Want to learn about the 555 Timer IC? In this Instructable I'll show you how to add a 555 to your collection of Snap Circuits blocks and build circuits you can use to experiment with the following:

Build an optical Theremin

Build practical joke lie detector.

Does adding salt to water decrease it's resistance?

Use a magnet to alter the pitch of the 555 timer circuit.

Make a pencil lead (graphite) organ.

Use the 555 circuit as a cable tester.

Build a tone generator

Test Pusle Width Modulation (PWM) with combination centrifuge/magnetic stirer.

Operate a Lego grabber arm

Currently there are no Snap Circuits sets that have the 555 Timer IC. So, you will need to purchase a 555 Timer IC from Allied Electronics or your favorite electronics supplier. If you don't have the Snap Circuits Extreme SC-750 set you can purchase the Snap Circuits Eight-Pin IC Socket block from C&S Sales.
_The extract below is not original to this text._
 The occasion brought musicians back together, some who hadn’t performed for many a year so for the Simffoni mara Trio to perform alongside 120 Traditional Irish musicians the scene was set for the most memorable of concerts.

Adding these two components to your set of Snap Circuits blocks will allow you to create dozens of circuits built around the 555 Timer IC.
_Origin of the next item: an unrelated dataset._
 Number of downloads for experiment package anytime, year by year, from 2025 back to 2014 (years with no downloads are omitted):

Snap Circuits is an educational toy that teaches electronics with solderless snap-together electronic components. Each component has the schematic symbol and a label printed on its plastic case that is color coded for easy identification. They snap together with ordinary clothing snaps. The components also snap onto a 10 X 7 plastic base grid analogous to a solderless breadboard. There are several Snap Circuits kits that range from a few simple circuits to the largest kit that includes 750 electronic projects.

All the kits include manuals printed in color with easy to follow diagrams to assemble the projects. The illustrations for each project look almost exactly like what the components will look like on the base grid when finished. Because the electronic symbol is printed on each electronic component, once the project is completed, it will look almost exactly like an electronic schematic.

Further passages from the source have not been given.